*** Dataset records ***
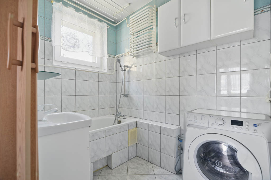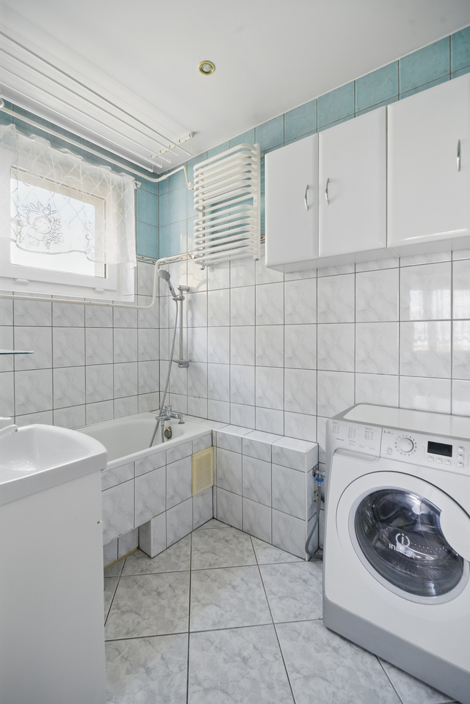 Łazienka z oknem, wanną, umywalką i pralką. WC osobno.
*** End of Dataset records ***
*** Dataset records ***
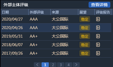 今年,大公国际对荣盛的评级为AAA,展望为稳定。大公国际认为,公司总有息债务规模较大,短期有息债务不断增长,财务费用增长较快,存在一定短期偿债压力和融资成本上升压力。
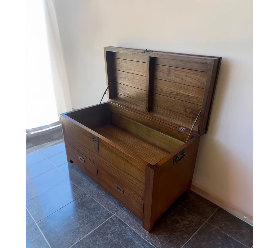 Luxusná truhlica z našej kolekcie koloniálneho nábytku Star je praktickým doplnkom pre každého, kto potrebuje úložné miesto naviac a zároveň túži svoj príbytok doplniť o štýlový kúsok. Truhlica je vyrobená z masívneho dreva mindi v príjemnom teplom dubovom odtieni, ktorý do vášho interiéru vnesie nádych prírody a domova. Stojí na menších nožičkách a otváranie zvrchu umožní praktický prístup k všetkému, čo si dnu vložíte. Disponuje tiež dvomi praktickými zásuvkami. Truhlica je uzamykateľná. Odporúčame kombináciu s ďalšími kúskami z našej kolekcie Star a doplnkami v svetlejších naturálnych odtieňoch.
*** End of Dataset records ***
* Task brief *
With the pictures omitted, copy the entries above exactly from the line containing "今年,大公国际对荣盛的评级为" through the line containing "Luxusná truhlica z", both lines included.

* Solution below *
 今年,大公国际对荣盛的评级为AAA,展望为稳定。大公国际认为,公司总有息债务规模较大,短期有息债务不断增长,财务费用增长较快,存在一定短期偿债压力和融资成本上升压力。
 Luxusná truhlica z našej kolekcie koloniálneho nábytku Star je praktickým doplnkom pre každého, kto potrebuje úložné miesto naviac a zároveň túži svoj príbytok doplniť o štýlový kúsok. Truhlica je vyrobená z masívneho dreva mindi v príjemnom teplom dubovom odtieni, ktorý do vášho interiéru vnesie nádych prírody a domova. Stojí na menších nožičkách a otváranie zvrchu umožní praktický prístup k všetkému, čo si dnu vložíte. Disponuje tiež dvomi praktickými zásuvkami. Truhlica je uzamykateľná. Odporúčame kombináciu s ďalšími kúskami z našej kolekcie Star a doplnkami v svetlejších naturálnych odtieňoch.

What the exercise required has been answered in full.